EXERCISE REQUIREMENTS
Could you repeat all of the entries word for word, minus any pictures?

RECORD SET

======

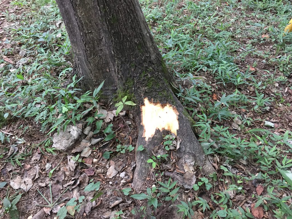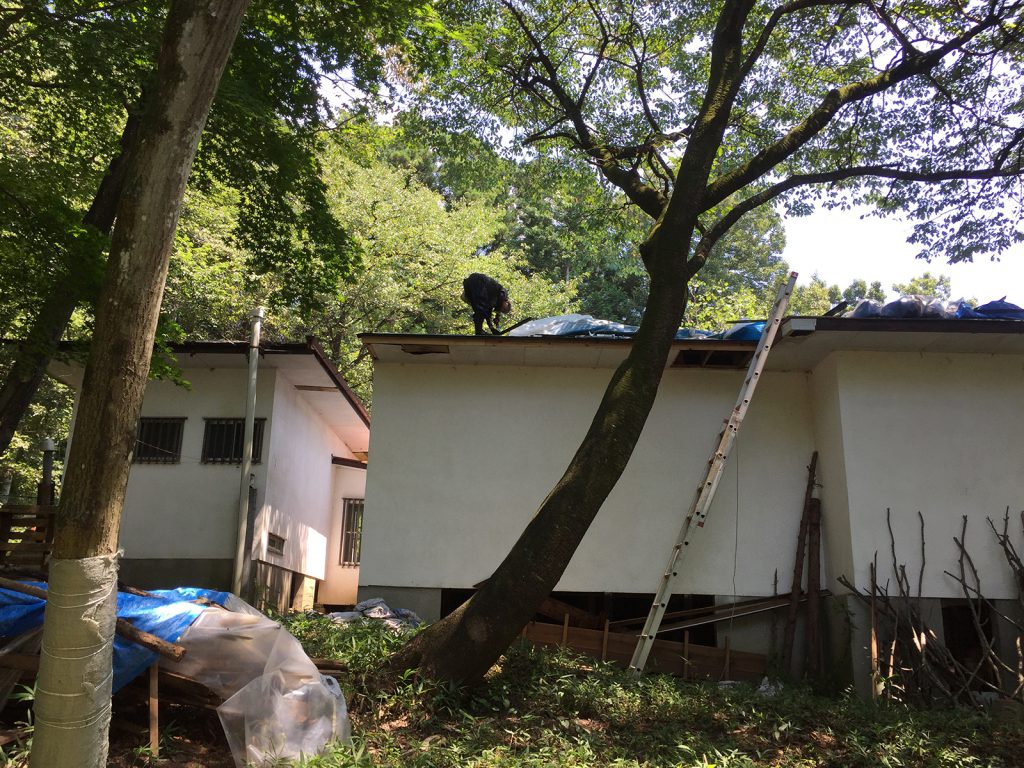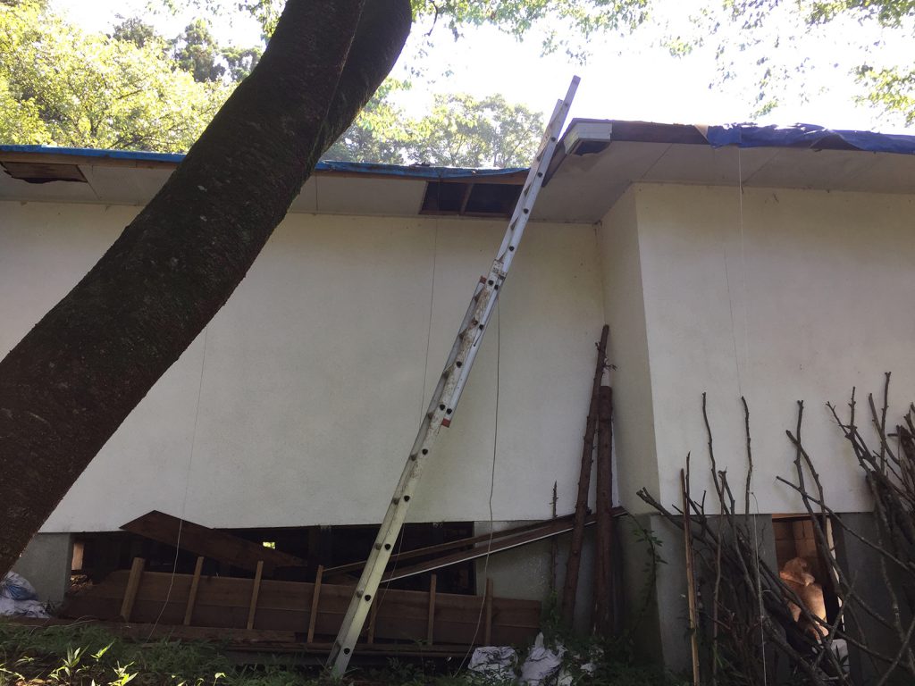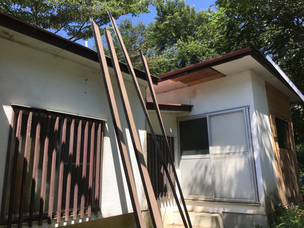 朝一で、ハシゴを借りてきて、日陰のところから__、
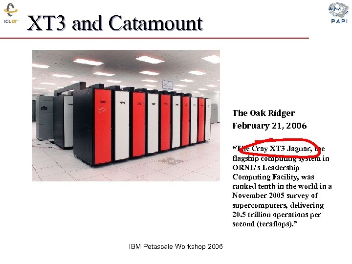 XT 3 and Catamount The Oak Ridger February 21, 2006 “The Cray XT 3 Jaguar, the flagship computing system in ORNL's Leadership Computing Facility, was ranked tenth in the world in a November 2005 survey of supercomputers, delivering 20. 5 trillion operations per second (teraflops). ” IBM Petascale Workshop 2006
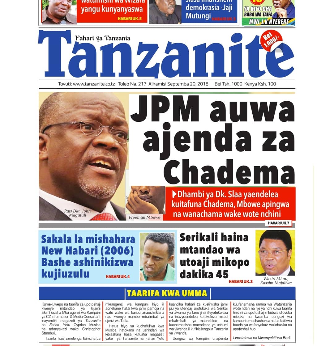 on Magazetini leo tarehe 20, September 2018
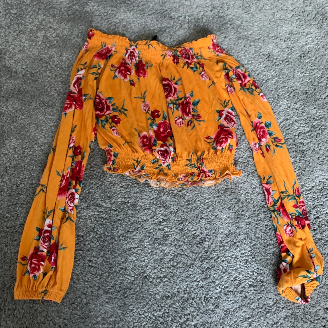 Denna top är verkligen jättesöt men tyvärr för liten för mig, den har ett jätteskönt material, den har ett pytte litet hål o ändan av armen men annars är den bra skick och den är använd 5 ggr🥰
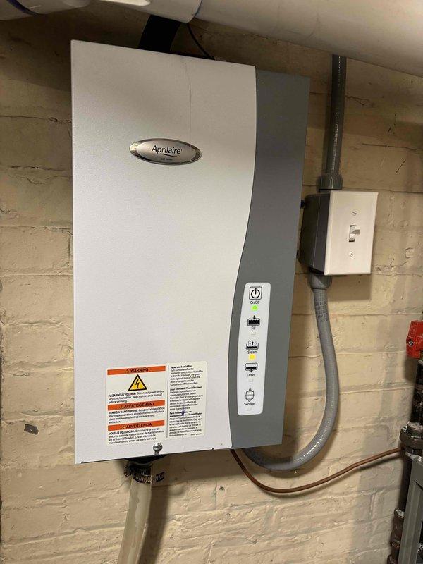 Performed fall maintenance on furnace system and humidifier per prepaid agreement. Inspected humidifier mounted on ductwork and noted normal installation with proper connections. Observed copper water line to humidifier showing oxidation, which is within normal parameters but will require monitoring. All components functioning as designed after service.
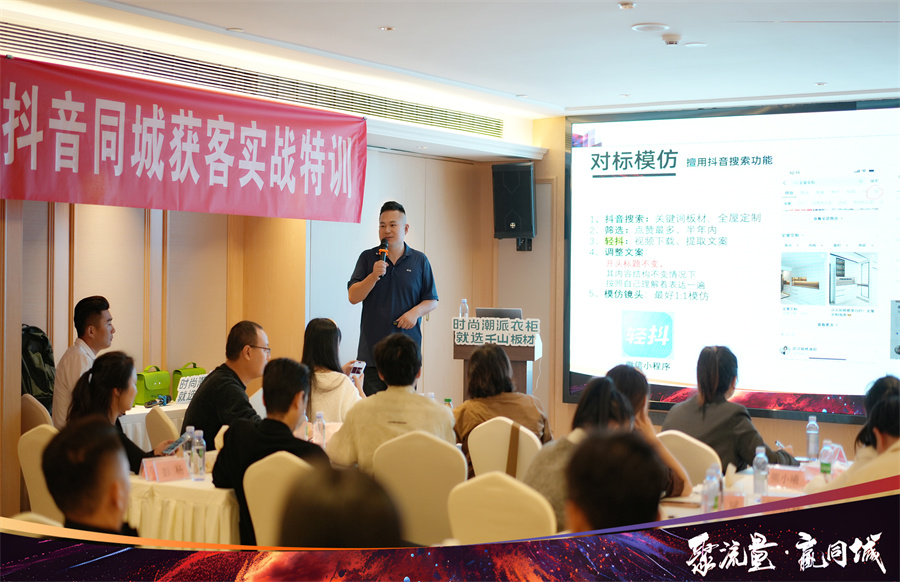 2024年千山著重發力線上渠道,通過抖音同城獲客引導經銷商伙伴們突破自我,入局賽道,通過持續的線上轉化促進業績增長。千山集團品牌運營中心于昆總監為大家解讀了“板材生意”增長的“新渠道、新營銷、新增量”,通過多樣化的營銷策略,打造線上社媒傳播陣地,最終賦能終端。

======

WRITTEN SOLUTION
 朝一で、ハシゴを借りてきて、日陰のところから__、
 XT 3 and Catamount The Oak Ridger February 21, 2006 “The Cray XT 3 Jaguar, the flagship computing system in ORNL's Leadership Computing Facility, was ranked tenth in the world in a November 2005 survey of supercomputers, delivering 20. 5 trillion operations per second (teraflops). ” IBM Petascale Workshop 2006
 on Magazetini leo tarehe 20, September 2018
 Denna top är verkligen jättesöt men tyvärr för liten för mig, den har ett jätteskönt material, den har ett pytte litet hål o ändan av armen men annars är den bra skick och den är använd 5 ggr🥰
 Performed fall maintenance on furnace system and humidifier per prepaid agreement. Inspected humidifier mounted on ductwork and noted normal installation with proper connections. Observed copper water line to humidifier showing oxidation, which is within normal parameters but will require monitoring. All components functioning as designed after service.
 2024年千山著重發力線上渠道,通過抖音同城獲客引導經銷商伙伴們突破自我,入局賽道,通過持續的線上轉化促進業績增長。千山集團品牌運營中心于昆總監為大家解讀了“板材生意”增長的“新渠道、新營銷、新增量”,通過多樣化的營銷策略,打造線上社媒傳播陣地,最終賦能終端。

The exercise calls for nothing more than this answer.